## ACTIVITY
Starting at the line that contains "当然了,这仅仅是针对于白天来", reproduce only the lines through the end of the data, exactly, including both the first and the last; skip the pictures.

## AVAILABLE DATA
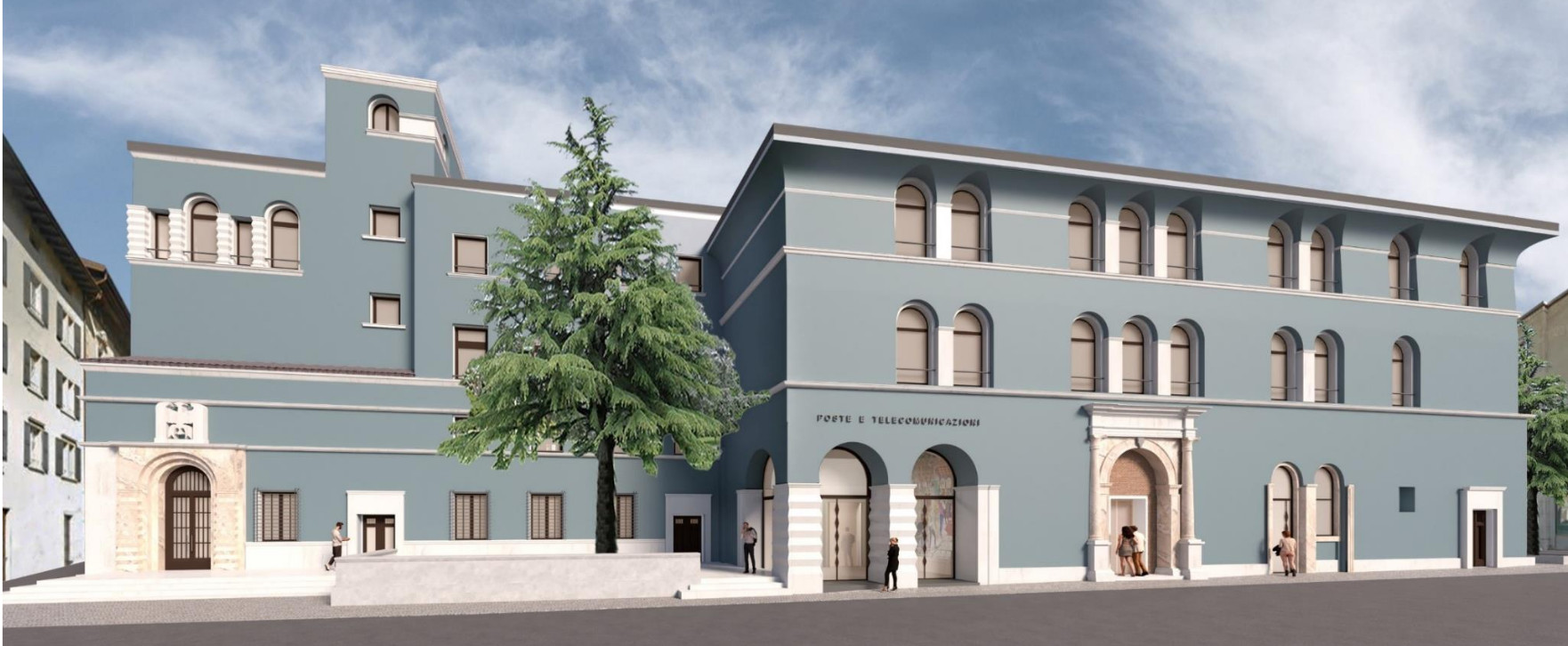 Il piano terra pensato come spazio permeabile, di accoglienza e socializzazione, con l’ufficio postale e le funzioni commerciali. Il primo piano e il piano ammezzato totalmente dedicati al co-working mentre il secondo piano e il sottotetto riservati alla funzione residenziale. Così si configurerà Palazzo delle Poste dopo l’intervento di riqualificazione e restauro svelato oggi a Palazzo Geremia. La progettazione è a cura del gruppo composto dall’architetto Jacopo della Fontana (Dzu), dall’architetto Alberto Winterle (W+W) e dall’ingegner Sergio Sciarini (Esa Engineering).
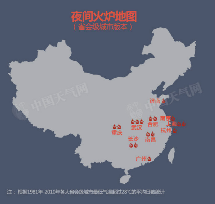 当然了,这仅仅是针对于白天来说的。如果只是白天酷热,夜间恢复清凉,那还算不上彻底的“火炉”,北方大部就是如此。
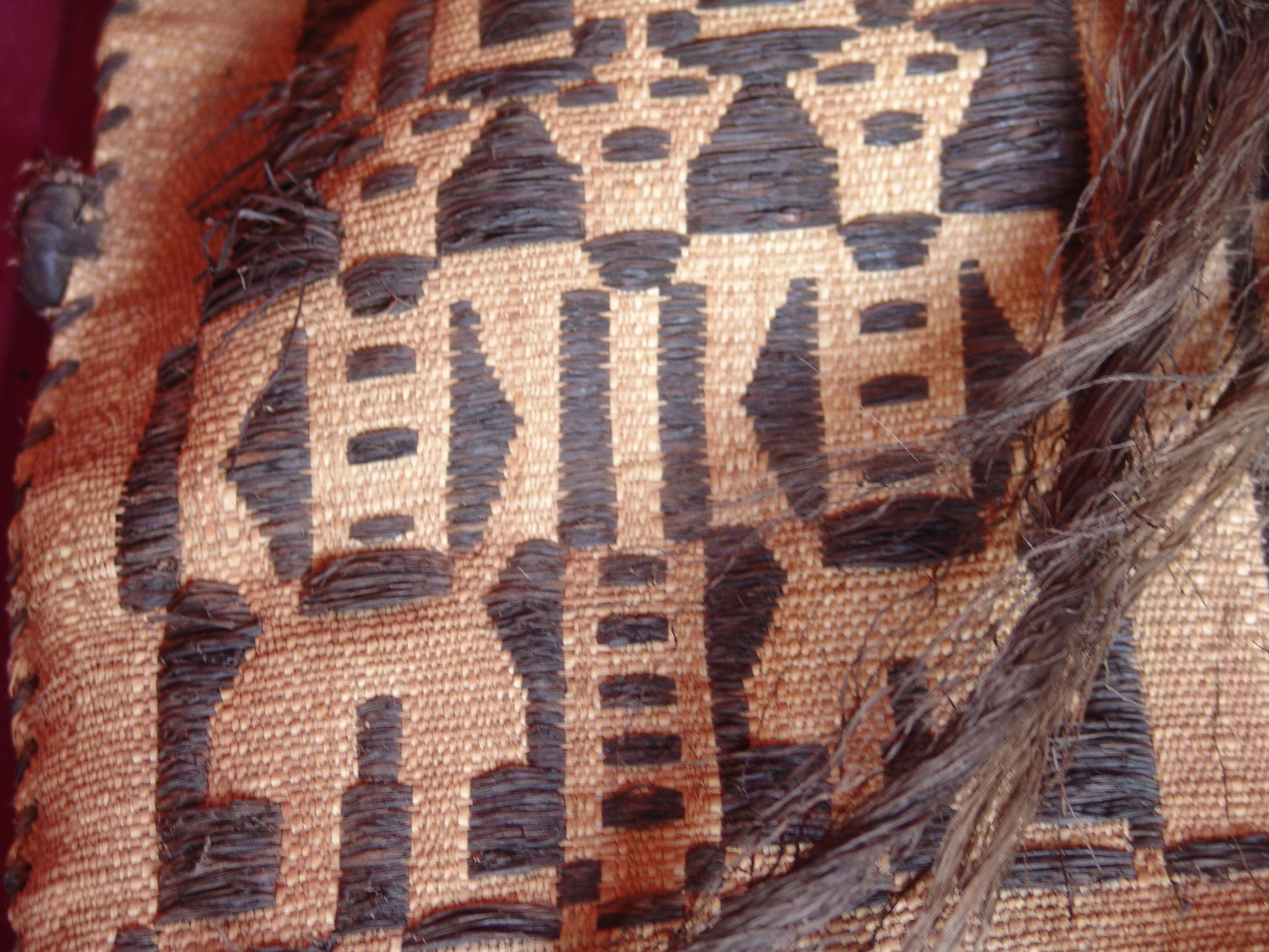 Flat bag woven with light and dark fiber to form a pattern of twelve male figures on the front side of the bag. Corners are fringed with darker colored fiber, as is the braided, looped handle.

## ANSWER TO THE EXERCISE
 当然了,这仅仅是针对于白天来说的。如果只是白天酷热,夜间恢复清凉,那还算不上彻底的“火炉”,北方大部就是如此。
 Flat bag woven with light and dark fiber to form a pattern of twelve male figures on the front side of the bag. Corners are fringed with darker colored fiber, as is the braided, looped handle.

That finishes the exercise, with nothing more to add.